Una certa difficoltà di lettura è plausibile almeno in parte, tuttavia non può essere assunta a pretesto per escluderla. In verità, anche il peso interpretativo che gli è stato imposto dalla critica contribuisce a gravare sulla comprensione. Per riuscire ad amare Dante e la Divina Commedia bisogna avere chiara la genesi dell’opera, capire qual è il suo scopo e quali sono gli antecedenti letterari dell’opera.
Comprendere i significati allegorici, le tematiche trattate, la concezione dello spazio e del tempo, la simbologia dei numeri, per avere una visione d’insieme anche all’interno di ogni Cantica, giacché un’intera epoca della storia d’Italia e d’Europa si riassume nell’opera. Dante fece della propria esistenza la ragione stessa della sua opera, tant’è che volle essere riconosciuto come l’auctor cristiano al pari di Virgilio, auctor pagano.

con altra voce omai, con altro vello
ritornerò poeta, e in sul fonte
del mio battesimo prenderò ‘l cappello

Per Boccaccio aveva diritto a più titoli:

E di tanti e sì fatti studii non ingiustamente meritò altissimi titoli; però che alcuni il chiamarono sempre poeta, altri filosofo, e molti teologo, mentre visse.

Il titolo di poeta comprende gli altri titoli. La Divina Commedia è insieme opera creativa e compositiva; cioè è strutturata in modo tale che raffigura lo scenario di un 'altro mondo', ossia dell’altro mondo con i suoi confini geografici dei tre regni e le leggi che li regolano.
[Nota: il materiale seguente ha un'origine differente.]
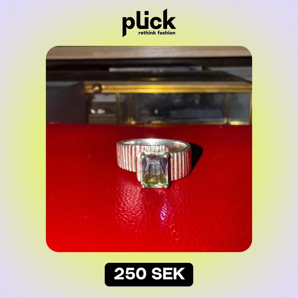 Säljer en snygg silverring med en stor rektangulär sten i mitten. Ringen har en räfflad design som ger den en unik look. Perfekt för både vardag och fest! Stämpel på insidan visar att den är i äkta silver.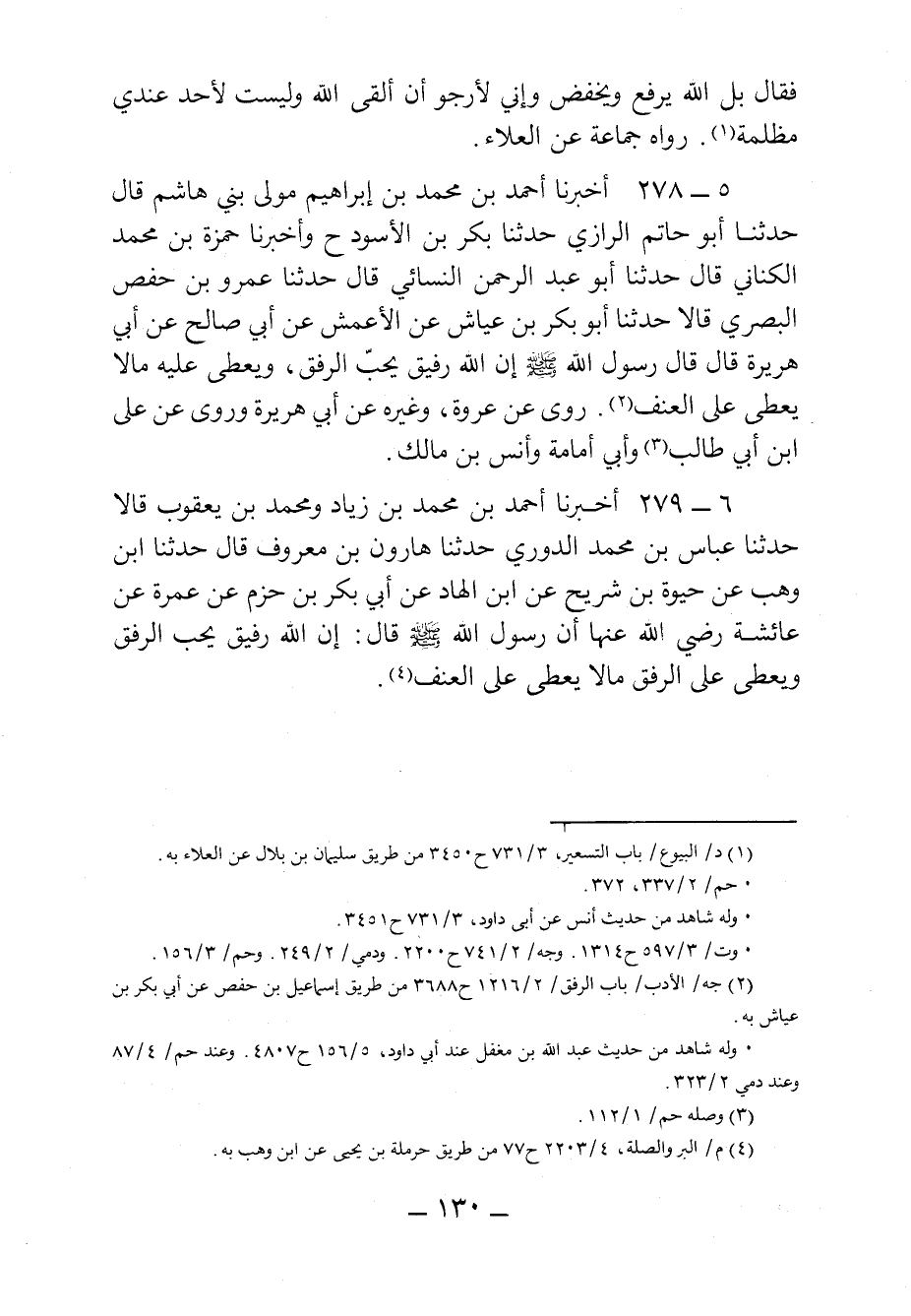 ٢٧٨ - أَخْبَرَنَا أَحمَدُ بْنُ مُحَمَّدِ بْنِ إِبْرَاهِيمَ، مَوْلَى بَنِي هَاشِمٍ، قَالَ: حَدثنا أَبُو حَاتِمٍ الرَّازِيُّ، حَدثنا بَكْرُ بْنُ الأَسْوَدِ (ح) وَأَخْبَرَنَا حَمْزَةُ بْنُ مُحَمَّدٍ الكِنَانِيُّ، قَالَ: حَدثنا أَبُو عَبْدِ الرَّحْمَنِ النَّسَائِيُّ، قَالَ: حَدثنا عَمْرُو بْنُ حَفْصٍ البَصْرِيُّ، قَالَا: حَدثنا أَبُو بَكْرِ بْنُ عَيَّاشٍ، عَنِ الأَعْمَشِ، عَنْ أَبِي صَالِحٍ، عَنْ أَبِي هُرَيْرَةَ قَالَ: قَالَ رَسُولُ الله صَلى الله عَليه وسَلم: إِنَّ الله رَفِيقٌ يُحِبُّ الرِّفْقَ، وَيُعْطِي عَلَيْهِ مَا لَا يُعْطِي عَلَى العُنْفِ.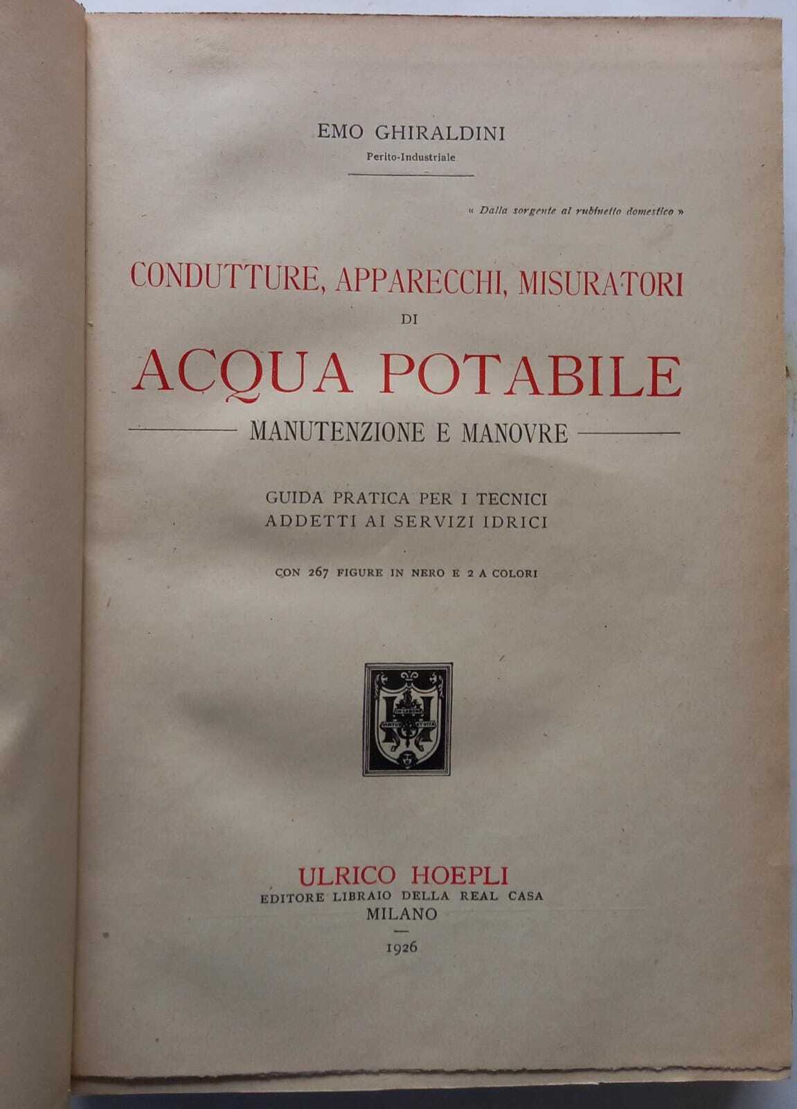 Verlag: , Urlico Hoepli, Luigi Avalli 1924-1926, 1924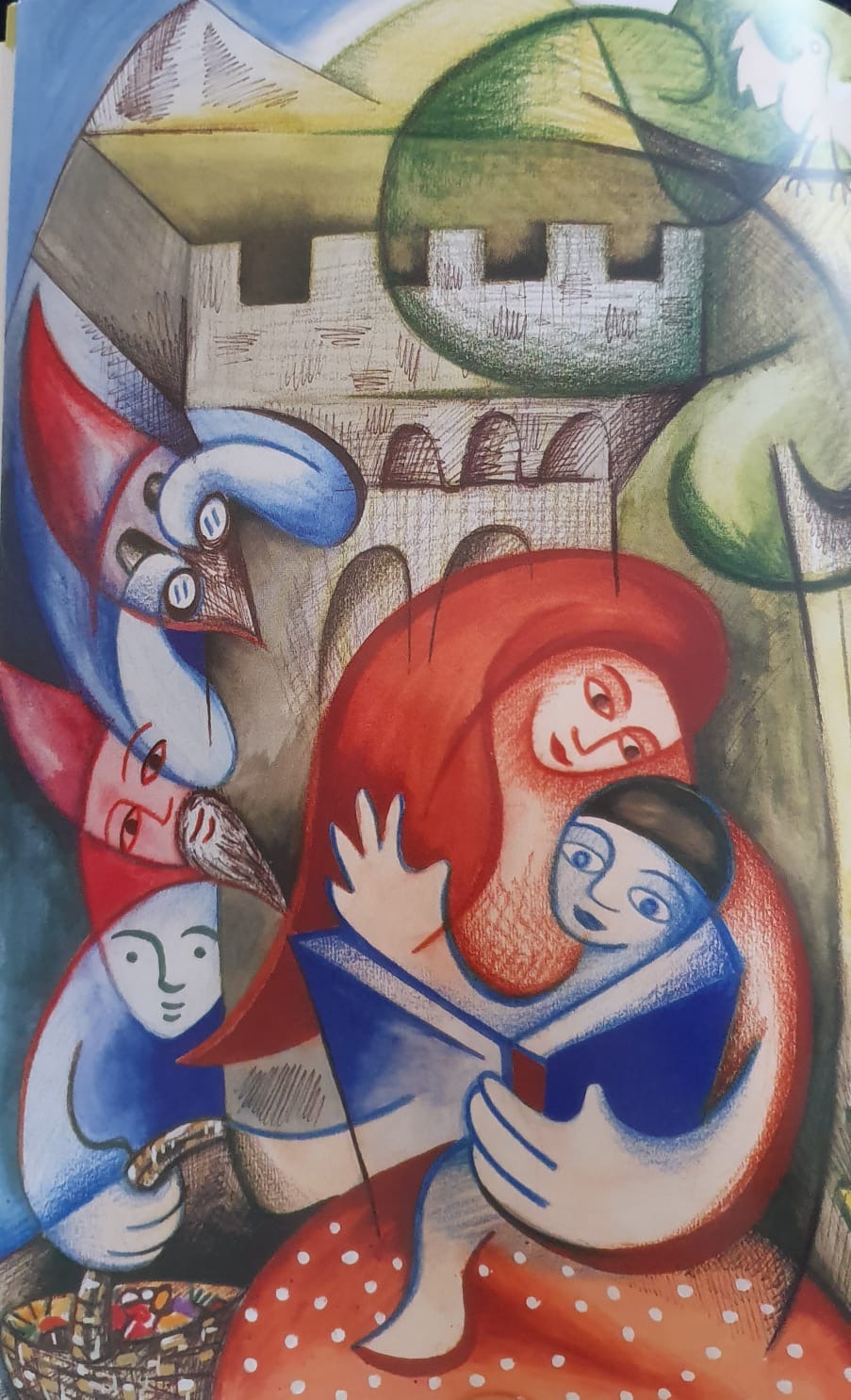 Partendo all’avventura dall’ingresso del Castel Firmian ci siamo introdotte nel bosco facendo il cosiddetto “Senter del Bepi” sopra la collina del ricovero e, a sorpresa, siamo sbucati proprio alla torretta dell’acquedotto: di lì è stato un accavallarsi di emozioni e racconti ispiratissimi: le bimbe si sono completamente dimenticate dei dinosauri e hanno inventato spontanealmente una fiaba che poi ho messo per iscritto per non dimenticare quella fantasia immediata e di prima mano.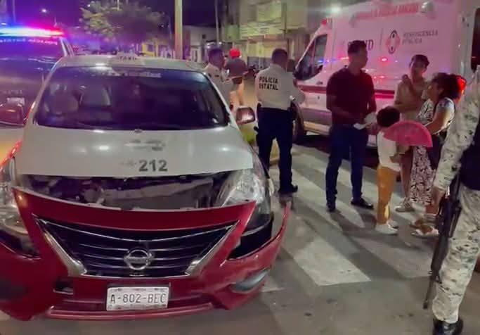 San Francisco de Campeche, Cam., 6 de octubre.- En un aparatoso accidente ocurrido en el cruce de la avenida Cuauhtémoc con la calle 102, en el Barrio de Santa Lucía, un taxi de la agrupación Murallas impactó una de las unidades del Tren Ligero, dejando un saldo de 4 personas lesionadas.

Nino Borsellino nel suo Ritratto di Dante (Laterza, 2007) così definisce il poeta:

Dante è un attore, il primo attore del suo poema. Ma egli è anche, anzi soprattutto, l’autore, il creatore di un mondo fantascientifico, ma anzi è il nostro, che egli rievoca continuamente, per allusioni talora, che nascondono circostanze private ignote anche ai primi lettori, ma spesso con dettagli di cronaca cittadina.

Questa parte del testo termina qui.